Well whenever you get this magnificent endeavour complete, you let me know how you did it cause it's going to rule!


----------



## Otaku (Sep 10, 2004)

Check this out:

http://www.glowire.com/plugplay.htm


----------



## znelson710 (Apr 20, 2009)

the correct term for the lighted wire is Electroluminescent Wire (EL wire for short)... good luck


----------



## The Real Joker (Sep 8, 2008)

Thanks, but I don't wanna use EL wire - I found an online store that sells battery-operated strings of LEDs [ 20 LEDs on each] 

I plan on buying 4 to 6 sets - I just wanna figure out how to add the LEDs behind a flexible "light pipe" made of clear, frosted plastic :O

Anybody else have any ideas? 'cause EL wire is not very bright, LO


----------



## Otaku (Sep 10, 2004)

You could use Kynar (PVDF) or polyolefin heat shrink tubing to house the LED strips.
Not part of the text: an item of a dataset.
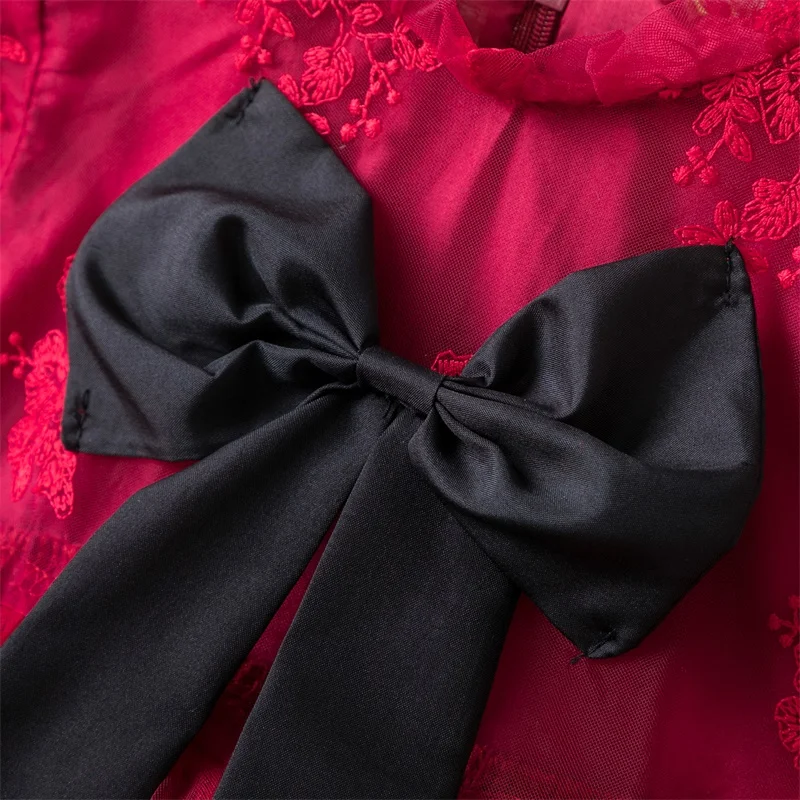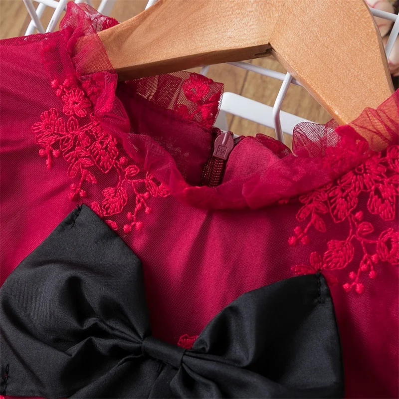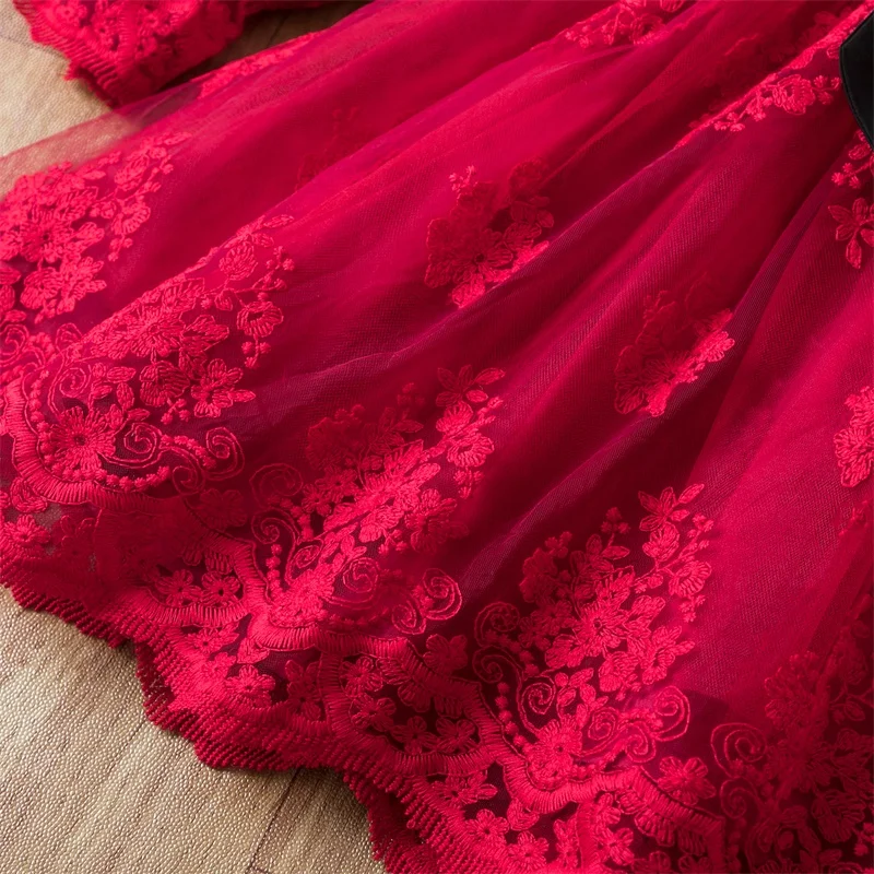Зимнее кружевное платье для девочек, детский Рождественский красный...

It's cheap, translucent, very flexible and will shrink down 2:1 at ~300 °F, so you can seal the ends of the tubes if needed. Usually comes in 100' rolls, but is sometimes sold per piece.

Example:

http://www.mpja.com/prodinfo.asp?number=16634+HS


----------



## Mr_Chicken (Nov 30, 2008)

personally, I think EL wire is plenty bright enough for this, but if you want to go the route you described, look at builds of LED illuminated lightsaber props


----------



## Otaku (Sep 10, 2004)

I would also recommend the El wire. Blue Point Eng. sells Lightning Wire:

http://www.bpesolutions.com/lghtefx.html#anchor2863318

I don't know if it's the same stuff as El wire but it looks good in the pic. Scroll down about halfway on that page to see the product.


----------



## The Real Joker (Sep 8, 2008)

Otaku said:


> I would also recommend the El wire. Blue Point Eng. sells Lightning Wire:
> 
> http://www.bpesolutions.com/lghtefx.html#anchor2863318
> 
> I don't know if it's the same stuff as El wire but it looks good in the pic. Scroll down about halfway on that page to see the product.



Thanks, but htat place is kind of expensive; I found the LED strings online dirt cheap [ $6 per string of 20 - operates on 3 AAA batteries, each ]

I just need the flexible plastic tubing 
I'll use hot glue of course!


----------